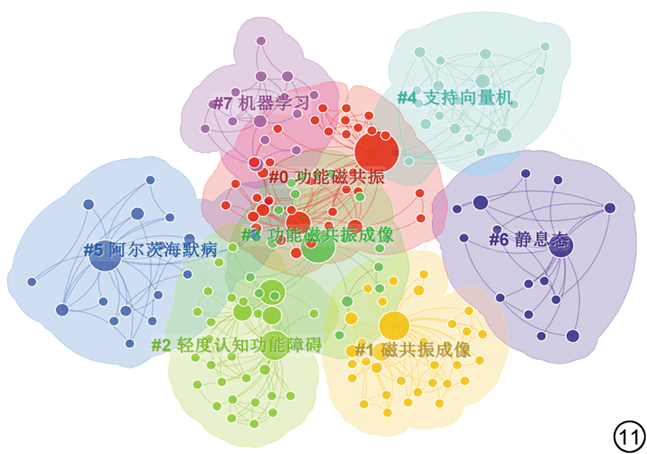 基于对数似然比算法运用Citespace对关键词进行聚类分析,见图10, 图11。本研究WOS文献聚类图谱Q=0.481、S=0.816 8,CNKI文献聚类图谱Q=0.519 4、S=0.836 1,聚类结果具有合理性。由图可知,在聚类标签中,#0 Alzheimer's disease、#3 functional MRI、#5 functional magnetic resonance imaging、#7 neuroimaging、#0 功能磁共振、#2 轻度认知功能障碍等可归纳为与研究主题相关的聚类,#1 cognition、#6 executive function为与疾病相关的认知功能评估,#2 functional connectivity、#4 支持向量机、#7 机器学习为fMRI的研究方法,#4 white matter为研究脑区。
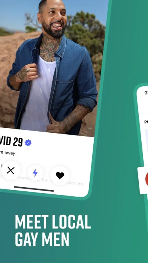 • Browse – check out hot gay men nearby by Swiping Right to “like” a guy and Swiping Left to “pass”.
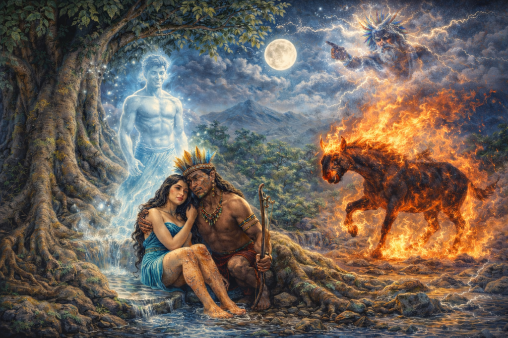 Mas como tudo que é bom sempre encontra um empecilho para atrapalhar, apareceu um índio puri chamado Ipojuca, que também se apaixonou pela bela Guaíra. Não conseguindo atrair o amor de Guaíra para si nem sufocar seu amor, ele planejou matar Mucuri tão logo tivesse uma oportunidade. Um dia, após a festa da lua cheia, Ipojuca convidou Mucuri para irem até a tribo dos goitacazes e iniciaram a caminhada. Logo que passaram pela figueira, já na Trilha dos Goitacazes, aproveitando uma distração de Mucuri, Ipojuca, com uma adaga rústica, cortou a cabeça de Mucuri e, para não deixar rastros de seu crime, enterrou o corpo e a cabeça ao lado do caminho. Nesse momento, um grande estrondo encheu o céu e uma voz firme e ameaçadora fez as nuvens tremerem. Era a voz do deus Tupã, que indignado com tamanha atrocidade, falou: “Você matou seu amigo para roubar sua amada. Como castigo eu transformo você numa mula-sem-cabeça que vai perambular nas noites e ficará sempre sob a grande figueira até que a linda Guaíra encontre o corpo de seu amado, que será transformado em uma mina de água e que por sua pureza terá o poder de curar todas as doenças. No dia em que Guaíra descobrir o corpo de seu amado, você será enviado às chamas do inferno sem compaixão. Você somente terá descanso nas noites de lua cheia, embaixo da figueira, quando então ninguém o verá.”
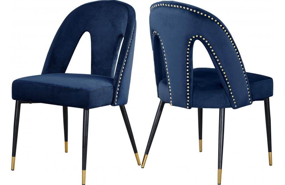 Elegant and eye-catching, the stunning navy velvet Aada Dining Chair from Meridian Furniture is the perfect addition to any space.
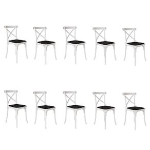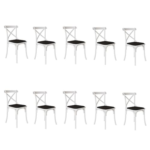 Kit 10 Cadeiras Katrina Assento Corano Preto Aço Branco
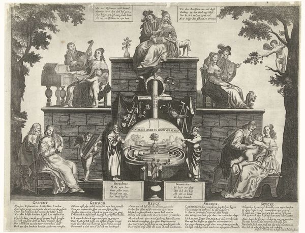 Pieter Nolpe made this print, "Trap des Levens", sometime in the 17th century, using etching and engraving. These are intaglio processes, meaning that lines are incised into a metal plate, and then filled with ink. The ink is then transferred to paper under great pressure, resulting in an image with remarkable detail. Look closely, and you'll see how Nolpe used this technique to full effect, to depict the stages of a woman's life as a series of steps. Note the sharp contrast between the dark, deeply etched lines and the lighter areas, which gives the print a striking visual impact. The print medium itself speaks to the rise of the printing press as a force of mass communication, and the increasing availability of images to a wider audience. Consider the labor involved in creating such a detailed work, from the initial drawing to the painstaking process of etching and printing. This reminds us that even seemingly simple images are the result of skilled craftsmanship and careful production, and are deeply embedded in their own time. This print is not just an image, but an object that carries with it the traces of its own making.

──────

[WHAT YOU HAVE TO DO] Return every record exactly, minus the pictures.

[ANSWER BELOW]
 基于对数似然比算法运用Citespace对关键词进行聚类分析,见图10, 图11。本研究WOS文献聚类图谱Q=0.481、S=0.816 8,CNKI文献聚类图谱Q=0.519 4、S=0.836 1,聚类结果具有合理性。由图可知,在聚类标签中,#0 Alzheimer's disease、#3 functional MRI、#5 functional magnetic resonance imaging、#7 neuroimaging、#0 功能磁共振、#2 轻度认知功能障碍等可归纳为与研究主题相关的聚类,#1 cognition、#6 executive function为与疾病相关的认知功能评估,#2 functional connectivity、#4 支持向量机、#7 机器学习为fMRI的研究方法,#4 white matter为研究脑区。
 • Browse – check out hot gay men nearby by Swiping Right to “like” a guy and Swiping Left to “pass”.
 Mas como tudo que é bom sempre encontra um empecilho para atrapalhar, apareceu um índio puri chamado Ipojuca, que também se apaixonou pela bela Guaíra. Não conseguindo atrair o amor de Guaíra para si nem sufocar seu amor, ele planejou matar Mucuri tão logo tivesse uma oportunidade. Um dia, após a festa da lua cheia, Ipojuca convidou Mucuri para irem até a tribo dos goitacazes e iniciaram a caminhada. Logo que passaram pela figueira, já na Trilha dos Goitacazes, aproveitando uma distração de Mucuri, Ipojuca, com uma adaga rústica, cortou a cabeça de Mucuri e, para não deixar rastros de seu crime, enterrou o corpo e a cabeça ao lado do caminho. Nesse momento, um grande estrondo encheu o céu e uma voz firme e ameaçadora fez as nuvens tremerem. Era a voz do deus Tupã, que indignado com tamanha atrocidade, falou: “Você matou seu amigo para roubar sua amada. Como castigo eu transformo você numa mula-sem-cabeça que vai perambular nas noites e ficará sempre sob a grande figueira até que a linda Guaíra encontre o corpo de seu amado, que será transformado em uma mina de água e que por sua pureza terá o poder de curar todas as doenças. No dia em que Guaíra descobrir o corpo de seu amado, você será enviado às chamas do inferno sem compaixão. Você somente terá descanso nas noites de lua cheia, embaixo da figueira, quando então ninguém o verá.”
 Elegant and eye-catching, the stunning navy velvet Aada Dining Chair from Meridian Furniture is the perfect addition to any space.
 Kit 10 Cadeiras Katrina Assento Corano Preto Aço Branco
 Pieter Nolpe made this print, "Trap des Levens", sometime in the 17th century, using etching and engraving. These are intaglio processes, meaning that lines are incised into a metal plate, and then filled with ink. The ink is then transferred to paper under great pressure, resulting in an image with remarkable detail. Look closely, and you'll see how Nolpe used this technique to full effect, to depict the stages of a woman's life as a series of steps. Note the sharp contrast between the dark, deeply etched lines and the lighter areas, which gives the print a striking visual impact. The print medium itself speaks to the rise of the printing press as a force of mass communication, and the increasing availability of images to a wider audience. Consider the labor involved in creating such a detailed work, from the initial drawing to the painstaking process of etching and printing. This reminds us that even seemingly simple images are the result of skilled craftsmanship and careful production, and are deeply embedded in their own time. This print is not just an image, but an object that carries with it the traces of its own making.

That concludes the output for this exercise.